Ernie Knox died in Provident Hospital, Baltimore, at 6 o'clock in the morning, Wednesday, October 16. The deceased was a Negro, age 26, the youngest of 10 children. By profession he was a hod carrier and a professional boxer. He was a member of the Simmons Memorial Baptist Church, the 19th Masonic Lodge and the Northwestern Investigating Bureau, Inc. He was also a human being, and this is what too many people who were involved seem to have ignored.
Ernie Knox died of subdural hematoma, hemorrhage of the brain, having incurred the fatal injury during a fight with Wayne Bethea at the Coliseum, Monday night, October 14. Bethea had a $500 guarantee. Knox got a purse of only $243, which was 15% of the gross gate paid by a sparse crowd of 869. A few hours after the announcement of Knox's death, Dr. Charles S. Petty, assistant medical examiner for the city, came up with startling news. He said that Knox, who supposedly weighed 178 pounds the day of the fight, weighed only 153 when his body was submitted for autopsy.
Knox had fought as a heavyweight and, according to the rules of boxing, a heavyweight must weigh 175 pounds or more. Bethea weighed 205 pounds on the day of the fight, the Maryland State Athletic Commission reported. The difference between 178 pounds and 205 is considerable, but not unusual among heavyweights. As long as a man weighs 175, he can fight any licensed opponent over that, even if the opponent weighs 300. But a man who weighs less than 175 has no business boxing an opponent weighing more than 200.
Dr. Petty's finding at once prompted State's Attorney William J. O'Donnell and the Baltimore grand jury to investigate the discrepancy between Knox's announced weight on Monday and the weight of his corpse on Wednesday. Subpoenas have been issued and witnesses called, and even though the grand jury conducts its investigation in secrecy, it is possible at this time to present some of the facts in the tragic affair, including facts of which even the grand jury may not be aware.

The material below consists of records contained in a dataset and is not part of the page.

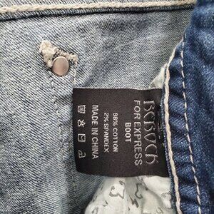 Rerock for Express Women's Medium Wash Low Rise Embellished Bootcut Jeans Sz 29
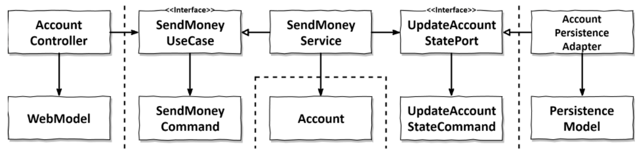 계층 간 통신에서 도메인 모델을 사용하는 대신 그림의 SendMoneyCommand(SendMoneyUseCase의 입력 모델로 사용된다) 처럼
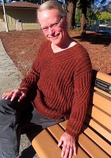 I love Aneta’s designs and her construction techniques. She thinks outside the box. This is a unisex design that I’m making for my nephew’s 21st birthday. My husband, Denny is modeling. The Cartridge Belt Rib Stitch does not make for the fastest knitting, but it’s a beautiful, fun stitch to do - so very rewarding for the extra effort. Although I used quite a heavy (aran weight) yarn, I think that I could easily make this again using a lighter weight, more drapey yarn. If knitting this for myself, I might also choose a pattern size larger than I normally use and perhaps go down a needle size depending on the yarn choice.

All told, Ernie Knox had 21 professional fights. Of these he won 10, lost eight and drew three. In his last five bouts, if the figures are to be believed, he fought as a legitimate heavyweight. On one occasion he scaled 183 pounds. By fighting Bethea, Knox and his manager, Mack Lewis, were hoping to get into the big time. Lewis, who lives in Baltimore and works for the Internal Revenue Service, has never had a fighter who made it big. According to Joseph Sheppard, a well-known Baltimore painter and a faculty member of the Maryland Institute of Art, Mack Lewis has never been the type of manager to put a boy in. a fight in which he did not belong. Sheppard is so interested in painting boxers that he works out as an amateur himself in order to bring greater understanding to his work. As a matter of fact, he occasionally sparred with Knox, whom he knew well. On the Thursday before the fight, Sheppard happened to be in the gym when Knox weighed himself. The scales read 178. That figure sticks in his mind because he remembers that Knox did not want to weigh any less than that for Bethea.

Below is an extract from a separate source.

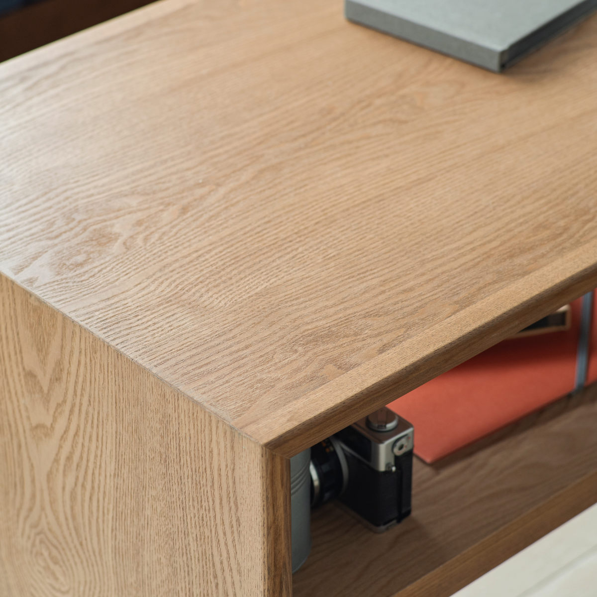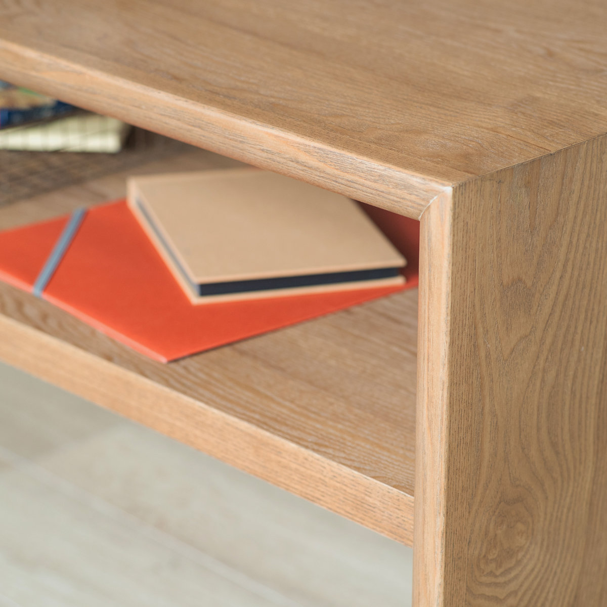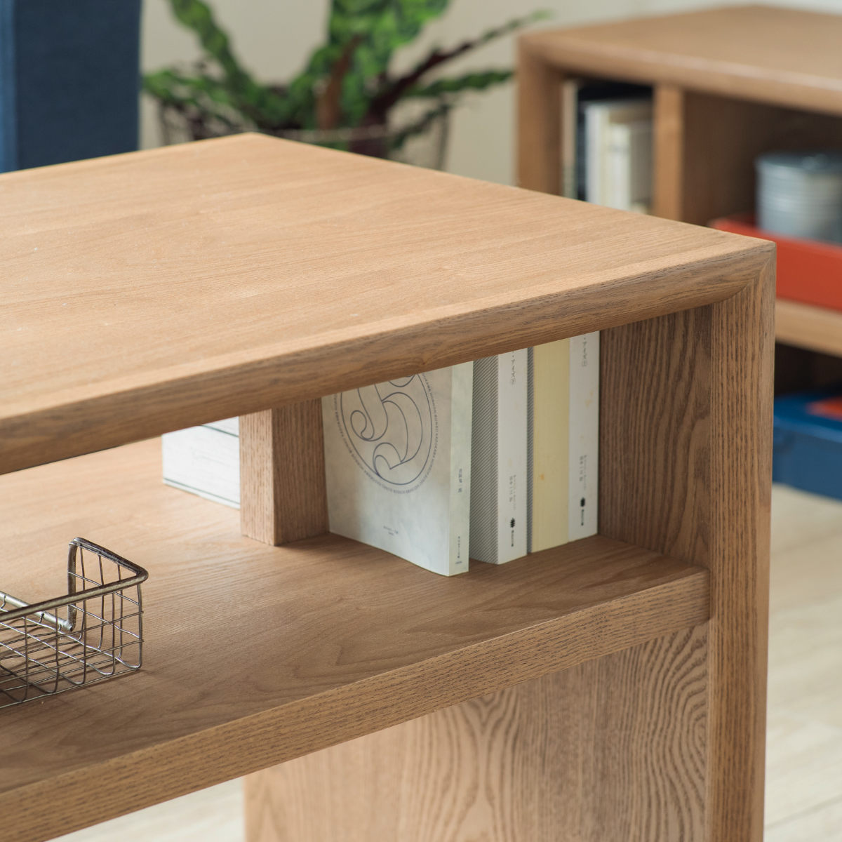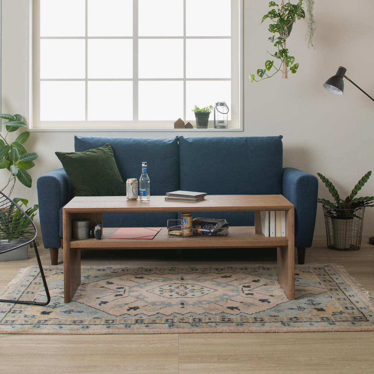 天板下にはテーブル周りの小物の収納に便利な棚が付いています。新聞や雑誌、ティッシュケースやリモコンなどをさっと片づけることができます。

At one o'clock Monday, the day of the fight, Knox, Bethea and the other fighters on the card at the Coliseum weighed in. Among those present were Leon Yarneth and Phil Jachelski, commission inspectors (Jachelski is a Baltimore police sergeant who was moonlighting against department rules), Drs. Evan Gilkes and Charles Tommasello, commission physicians, D. Chester O'Sullivan, commission chairman, and Jack Cohen, executive secretary of the commission. Representing the promoter, Civic Sports, Inc., a curious outfit about which there will be more later, were Sylvan Bass and Henry Moulden. Civic Sports was founded by Benny Trotta, an old pal of Mobster Frankie Carbo. Also present was Bobby Gleason of The Bronx, Bethea's manager. As a regular practice, boxers strip to be weighed, but last week after the grand jury met, Gleason said in New York that both his fighter and Knox stepped on the scales wearing trousers, shorts, socks and shoes. "With those clothes on," Gleason said, "Knox weighed 184 pounds. They credited his clothes with weighing six pounds and made his weight 178." If Ernie Knox had lead weights in his pockets, no one bothered to check.

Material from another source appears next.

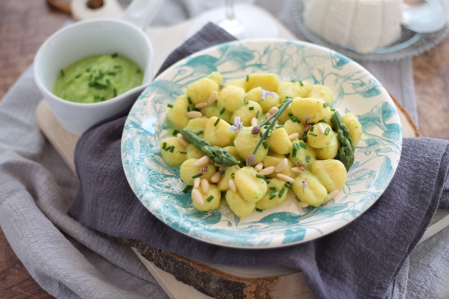 Conditeli con il pesto appena preparato, le punte d’asparago e i pinoli tostati. Decorate con l’erba cipollina tritata e servite.
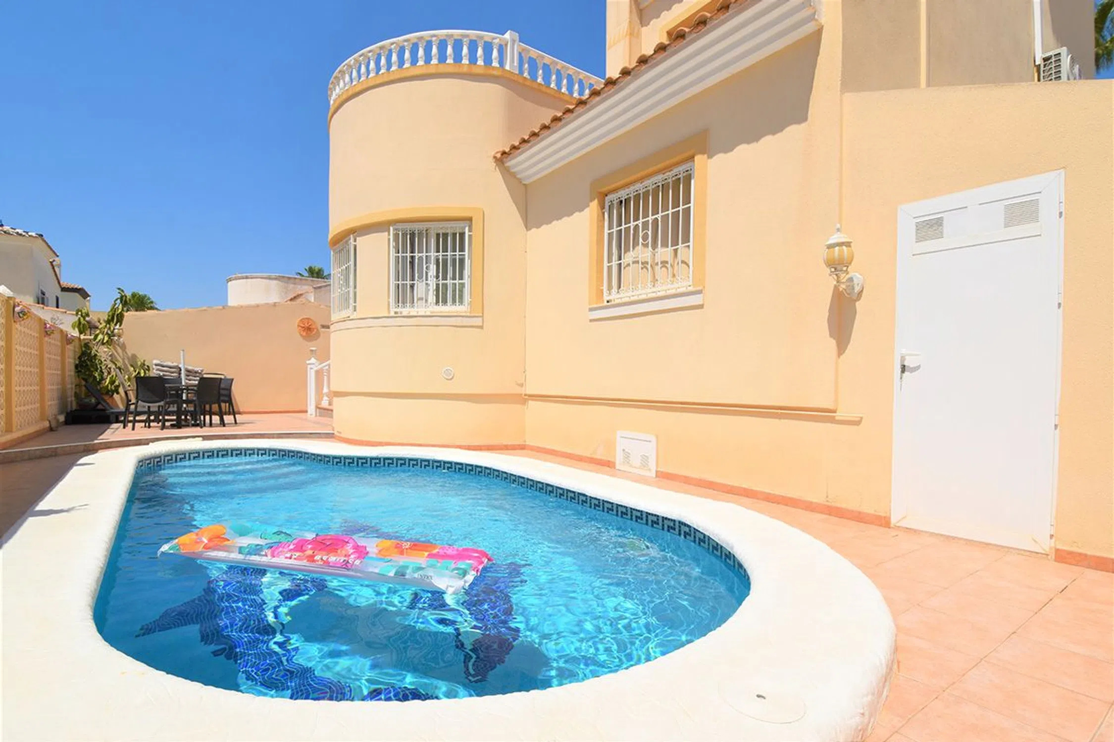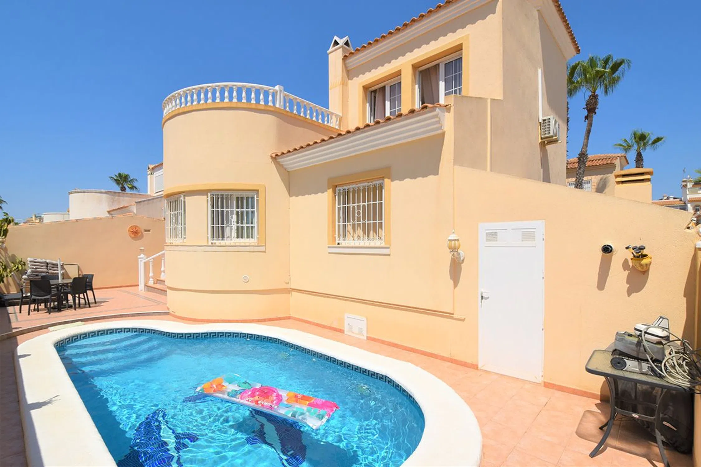 Chalet independiente con piscina privada a la venta en Playa Flamenca Situada en el corazón de la codiciada urbanización Playa Flamenca, esta propiedad destaca por su ubicación privilegiada, que permite disfrutar de todos los servicios sin necesidad de utilizar el coche. Es una oportunidad perfecta tanto para quienes buscan una residencia habitual como para quienes desean una segunda vivienda cerca del mar. A solo unos pasos se encuentran supermercados, tiendas, restaurantes y el centro deportivo municipal. Además, colegios e institutos están a menos de 1 km, lo que garantiza una vida práctica y cómoda para familias. En un corto paseo se accede al reconocido centro comercial Zenia Boulevard y a las idílicas playas de Cala La Mosca y Playa Flamenca, donde el mar y el entorno natural se integran en el día a día. La vivienda se distribuye en dos plantas construidas sobre una parcela de 260 m². Dispone de 3 amplios dormitorios —dos de ellos en planta baja— y 2 baños completos. El espacioso salón-comedor cuenta con chimenea, creando un ambiente cálido y acogedor. El porche delantero, acristalado, y el vestíbulo con entrada adicional aportan funcionalidad y confort. La cocina, independiente y bien equipada, completa la distribución interior. El exterior ha sido diseñado para ofrecer el máximo bienestar y privacidad. La parcela alberga una piscina privada, ideal para los días cálidos, y un jardín cuidado con zona de barbacoa, perfecto para reuniones o momentos de relax al aire libre. Su excelente orientación garantiza tranquilidad y luminosidad, alejada del bullicio pero cerca de todo lo necesario. También cuenta con una plaza de aparcamiento privada y un trastero que incluye calefacción central por gasoil. La propiedad se vende completamente amueblada y equipada (excepto efectos personales), lo que permite entrar a vivir de inmediato sin necesidad de realizar ninguna inversión adicional. Una magnífica oportunidad para adquirir una vivienda con todas las comodidades, en una ubicación excepcional, y con acceso inmediato a los mejores servicios, playas y zonas de ocio de la Costa Blanca. Una propiedad que lo tiene todo para disfrutar del estilo de vida que siempre has soñado.

Whatever his weight, Knox looked fit when he entered the ring in the 10-round main event. Bethea, a plodding boxer who likes to stay on top of an opponent, seemed out of shape. At the end of every round he was breathing hard. For the first four rounds Knox held his own, slipping away and jabbing his opponent. But then Bethea began to bull Knox against the ropes, where he scored with his right uppercuts to the body and short left hooks to the head. The blows were not hard but they were insistent. Early in the ninth round Bethea hit Knox with a looping right to the head. Knox stumbled back against the ropes and slid to the canvas. Accounts disagree as to when Knox arose, but it was no later than the count of four. After giving Knox the mandatory eight count, Referee Tom Kelly let the fight resume. Knox tried to clinch, but Bethea knocked him to his knees, and the referee counted him out.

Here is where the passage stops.